Dorothy lived in Chibok with her Uncle and little dog named Toto. Dorothy aspired to be an Engineer and studied science at the local Chibok town school, where she and her other classmates attended. All was fun in the land of Chibok … but one day a horrible terrible and might I add very evil twister came to town…

It was very strong and everybody was afraid of it. People ran away immediately they saw the twister approach, even the towns soldiers. The twister was called LocoHaram because it acted crazy and had no pattern or logic! It just went around terrorizing everybody … even chickens.

Dorothy and her classmates tried to run like everybody else but  they were just too slow … they tried to hide in their classrooms to escape the evil twister. But this twister was too strong … it literarily ripped the classroom building from its foundation and lifted it away with Dorothy and her classmates trapped inside!

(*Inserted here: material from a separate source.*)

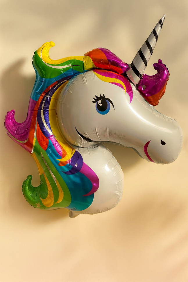 Голям парти балон във формата на глава на еднорог, изработен от фолио в ярки цветове.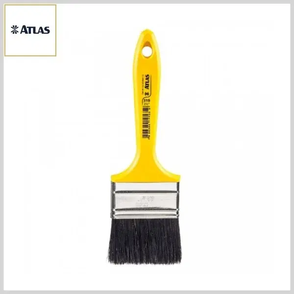 TRINCHA ATLAS 319 é fabricada em 8 tamanhos. Com média espessura e cerdas pretas selecionadas, apresenta melhor acabamento. É indicada para pinturas com tintas à óleo ou esmaltes.

The building eventually landed in a desolated area called Sambisa … Sambisa forest. It was a mysterious and very strange place that very few people had ever seen or heard. Lost and confused (and still dizzy from spinning of the twister) they wandered aimlessly around the land until they came upon a group of funny little creatures called the smunchkins. These little creatures for some weird reason had loads of gala and sachets of pure water which they shared with the hungry girls.

Dorothy told the smunchkins about the mysterious and very evil twister. She talked about how she and her classmates had been separated from their school in Chibok and how they all wanted to go back home to their family.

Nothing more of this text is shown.